Within the records below, find the line with "1922. SWEDEN, Stockholm, riksdaler, Gustav" and the line with "Sac fourre-tout pratique", then reproduce exactly those two lines and all lines between them, without any picture.
━━━━━ Task material ━━━━━
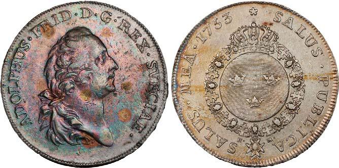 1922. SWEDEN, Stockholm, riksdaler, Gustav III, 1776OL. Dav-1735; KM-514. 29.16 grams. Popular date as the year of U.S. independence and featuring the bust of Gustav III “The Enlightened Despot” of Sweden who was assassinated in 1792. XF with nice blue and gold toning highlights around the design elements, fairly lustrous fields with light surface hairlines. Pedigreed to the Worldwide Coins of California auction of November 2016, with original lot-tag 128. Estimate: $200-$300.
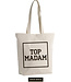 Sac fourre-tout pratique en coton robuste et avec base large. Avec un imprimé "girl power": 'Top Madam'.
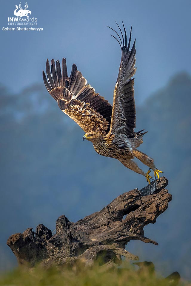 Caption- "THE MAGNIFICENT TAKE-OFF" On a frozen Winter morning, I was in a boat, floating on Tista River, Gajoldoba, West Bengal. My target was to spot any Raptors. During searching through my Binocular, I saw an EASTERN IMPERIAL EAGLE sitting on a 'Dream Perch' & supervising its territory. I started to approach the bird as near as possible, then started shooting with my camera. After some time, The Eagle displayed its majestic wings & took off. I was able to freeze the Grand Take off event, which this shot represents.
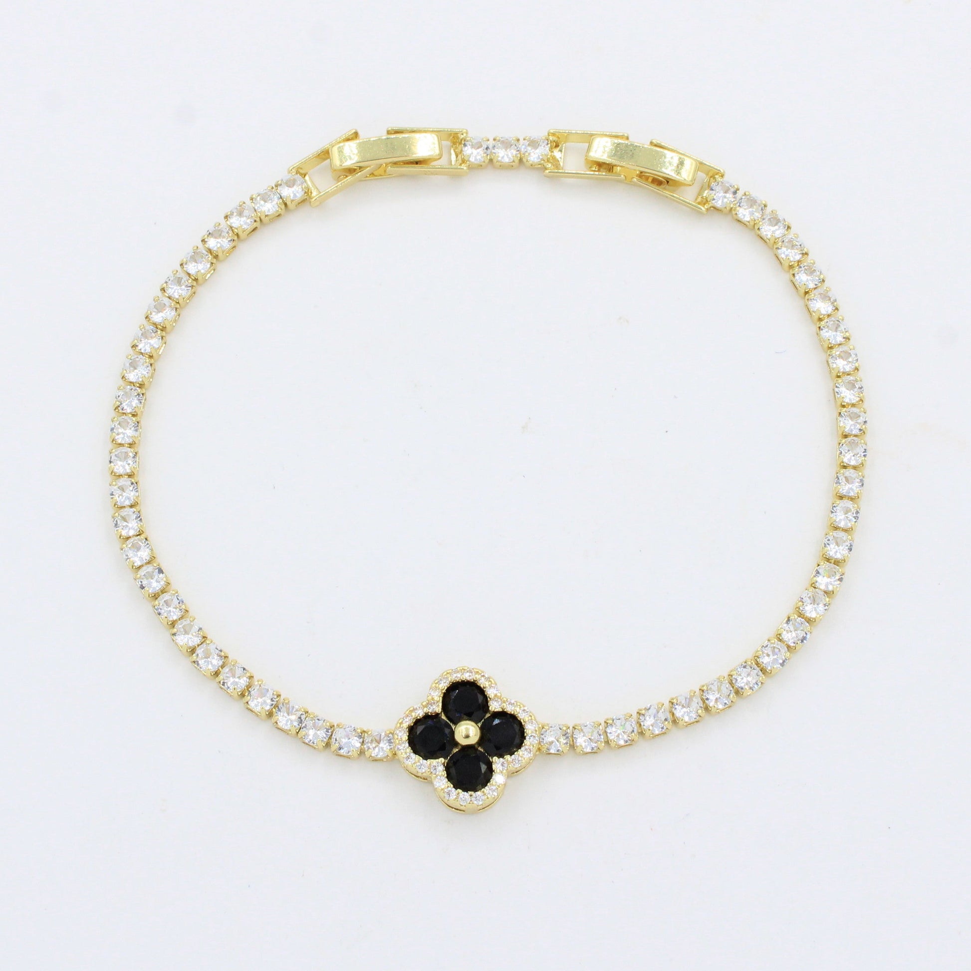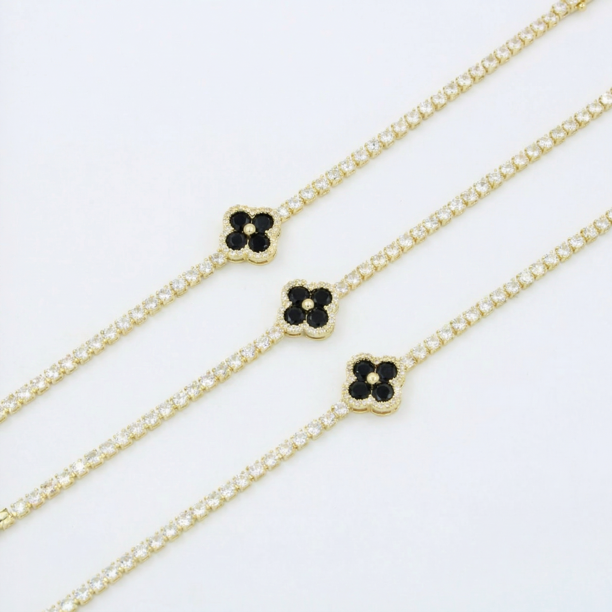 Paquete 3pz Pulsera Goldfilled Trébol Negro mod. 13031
━━━━━
━━━━━ Task material ━━━━━
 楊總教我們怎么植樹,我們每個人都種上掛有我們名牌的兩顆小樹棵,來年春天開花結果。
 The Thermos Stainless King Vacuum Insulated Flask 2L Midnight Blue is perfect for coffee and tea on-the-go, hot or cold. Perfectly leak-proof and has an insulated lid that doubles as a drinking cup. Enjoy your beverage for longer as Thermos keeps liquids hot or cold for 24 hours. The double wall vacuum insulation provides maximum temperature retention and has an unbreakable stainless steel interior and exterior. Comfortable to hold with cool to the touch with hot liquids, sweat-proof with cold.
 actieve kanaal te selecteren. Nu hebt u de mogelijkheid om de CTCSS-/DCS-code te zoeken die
━━━━━
# [Response area]
 1922. SWEDEN, Stockholm, riksdaler, Gustav III, 1776OL. Dav-1735; KM-514. 29.16 grams. Popular date as the year of U.S. independence and featuring the bust of Gustav III “The Enlightened Despot” of Sweden who was assassinated in 1792. XF with nice blue and gold toning highlights around the design elements, fairly lustrous fields with light surface hairlines. Pedigreed to the Worldwide Coins of California auction of November 2016, with original lot-tag 128. Estimate: $200-$300.
 Sac fourre-tout pratique en coton robuste et avec base large. Avec un imprimé "girl power": 'Top Madam'.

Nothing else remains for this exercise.